People are still coming to Hong Kong –  and they’re still shopping.

Put very simply, Hong Kong’s one-two punch of consumer-friendly retailing and a great deal to offer visitors seeking to complement their shopping are the primary reasons the retailing scene remains vibrant. An open door business policy and historical connections make international brands a must-stop for regional expatriates and curious regional visitors alike. Stop outside a Marks & Spencer Food Hall on any given afternoon if you need proof.

The new Italian outlet mall, Florentia Village, at Kwai Chung and the imminent Citygate expansion add to choices for bargain hunters, alongside guidebook hotspots like Ladies’ Street.
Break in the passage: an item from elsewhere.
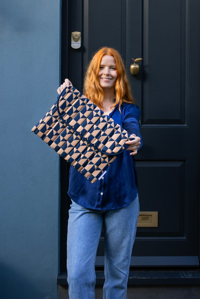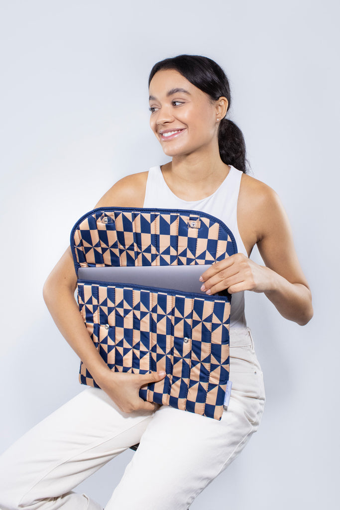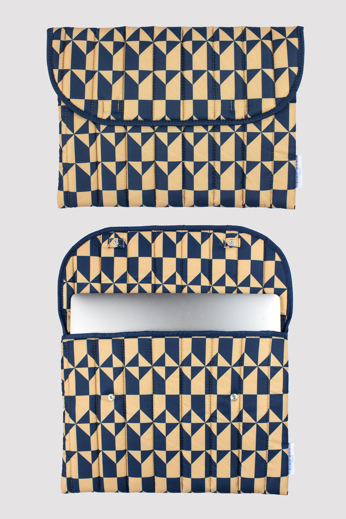 Keep your 16” laptop safe and stylish with our 100% recycled Laptop Sleeve. Featuring quilted padding and a fold-over design secured with metal buttons, this sleeve is water-resistant and hand-washable. Perfect for protecting your device on the go, whether you're commuting, travelling, or working from home.

An added bonus: all of this is free of sales tax. In some form, 12 per cent is added to goods in the Philippines, Koreans and Australians can pay as much as 10 per cent in levies, the Japanese 8 per cent and Thais 7 per cent according to tax advisory Deloitte. Twelve cents may not be a lot on a dollar, but it makes an enormous difference on a genuine Prada handbag.

A travel ban that actually benefits Hong Kong…

Woman Shopping In Hong Kong Central

While it’s true the recent diplomatic spat between China and South Korea over defence deployment has proven a boon to Hong Kong shopping (Chinese travel to Korea fell 40 per cent in the year to April 2017 on the back of Beijing directives to halt travel packages to the Hermit Kingdom) it is in all likelihood a temporary glitch.

Ultimately it is the city’s extras that keep Hong Kong a shopping option. When not browsing boutiques, stellar food and beverage breaks are available at every turn, and leisure parks, cultural outlets, nature and excursions can all be found in an easily navigable, compact space.

If there’s a silver lining to the city’s retail property woes it’s the newly available space for international restaurant groups to move into. Finding room on the dining scene so far this year are Japan’s Michelin-starred ramen eatery Tsuta, fresh-local burger shack Honbo, Royal favourite Thai Brassiere by Blue Elephant, Moi Moi by Vietnamese Sydney celebrity chef Luke Nguyen, Lilya Moroccan Lounge and Bar and venerable American dessert cafe The Cheesecake Factory are just a few. Anyone travelling with children (cruise operators are quick to point out the burgeoning family demographic) will be glad to have the amusements at Hong Kong Disneyland and perennially popular Ocean Park — with real animals — an MTR ride away.

Art & culture

Street At Koowlon District In Hong Kong

Admittedly not everyone travels to Hong Kong with family or has a soft spot for amusement parks, and for those shoppers the SAR’s reputation as a cultural wasteland is quickly disappearing. The two-year old PMQ regeneration has put local, artisanal and independent design a shoppers’ fingertips, and the forthcoming West Kowloon Cultural District has just opened its first gallery: M+. Soon to be a few minutes’ walk from the PMQ is the Central Police Station redevelopment on Hollywood Road, Tai Kwun. The 16 buildings will comprise art galleries, boutiques, dining, and leisure spaces with an eye towards highlighting local heritage. Tai Kwun and the WKCD are set to be destinations in of themselves.

Need some hiking and more?

Finally, tourists are drawn to Hong Kong from around the world for its renowned urban hiking, traversing over 250km on just the Hong Kong, Lantau, Wilson and MacLehose routes. In no other city in the world can you be on a lush, seemingly remote trail one minute, and ensconced in the glamorous shopping of the Landmark an hour later.

Also an hour away: Macau, which beckons as a Disneyland for adults, where luxury spas and more Michelin-starred dining awaits. It’s no surprise shopping in Hong Kong is as healthy as ever.